The Linux hackers who broke DVD’s encryption didn’t do it
because they wanted to copy DVDs — nobody needs DeCSS to do
copying! They did it because they wanted to play the DVDs they
legally owned through their Linux machines. And that is what the
DVDCA really wants to prevent; they’re protecting their members’
monopoly on DVD players. The high prices and license fees the DVD
monopoly can charge would collapse if anybody with a PC and
speakers no longer needed a dedicated DVD player or licensed
software.

Content producers, far from being injured, will actually benefit
from DeCSS because it expands their market by making players less
expensive. The content producers owe the DeCSS hackers a favor —
they really ought to be suing DVDCA for cutting into their profits
by rigging the player market!

There’s another reason the DVDCA is lying. A long string of
court cases defends both the right to reverse-engineer around trade
secrets and individuals’ rights to copy media they legally own into
other formats for their personal use. The DVDCA must know that if
they fight on that territory they will lose — so, instead, they’re
hoping that if they blow enough smoke about piracy they can spook
the courts into ignoring both equity and all the legal precedents
in favor of the consumers and the content providers.

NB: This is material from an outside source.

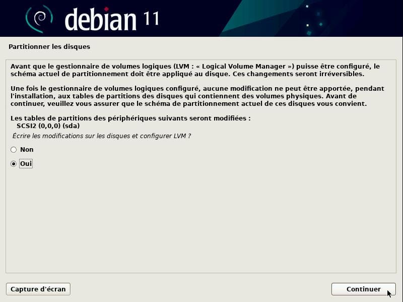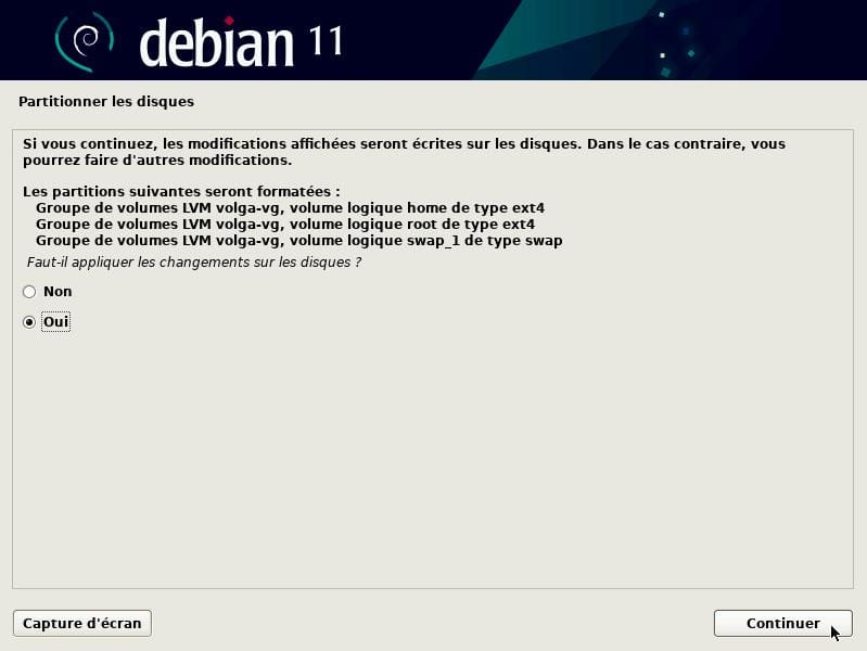 - Sélectionnez "Oui" pour appliquer le partitionnement :

John Gilmore once observed that “The Internet interprets
censorship as damage and routes around it.” Equally, the Internet
interprets attempts at proprietary control as threats and mobilizes
to defeat them. Hackers all over the world are responding to the
DVDCA attack by propagating thousands of copies of DeCSS to
websites all over the world, places where no California Superior
Court will ever have jurisdiction. The genie is out of the bottle
and won’t be stuffed back in.

In one particularly telling bit of ironic spin, the OpenDVD
website at http://www.opendvd.org/ is sponsoring
“The Great International DVD Source Code Distribution Contest”.
Four winners demonstrating the most interesting and novel methods
of distributing source code will each receive “a copy of the DVD
movie of their choice about an evil totalitarian society, such as
`1984′ or `Brazil’, so that they can watch the movie and thank God
for their freedom.”

One can almost pity DVDCA. Like the feeble minds behind the
misnamed “Communications Decency Act” in 1996 and the NSA’s
key-escrow power grab back in 1994-95, they’re about to find out
what happens when you try to step on the Internet community’s
liberty. The biter-gets-bit consequences would have been amusing
enough even if they weren’t transparently frauds and liars; as it
is, it should be very entertaining to watch the Internet make them
look like idiots even before the courts chop them into chutney.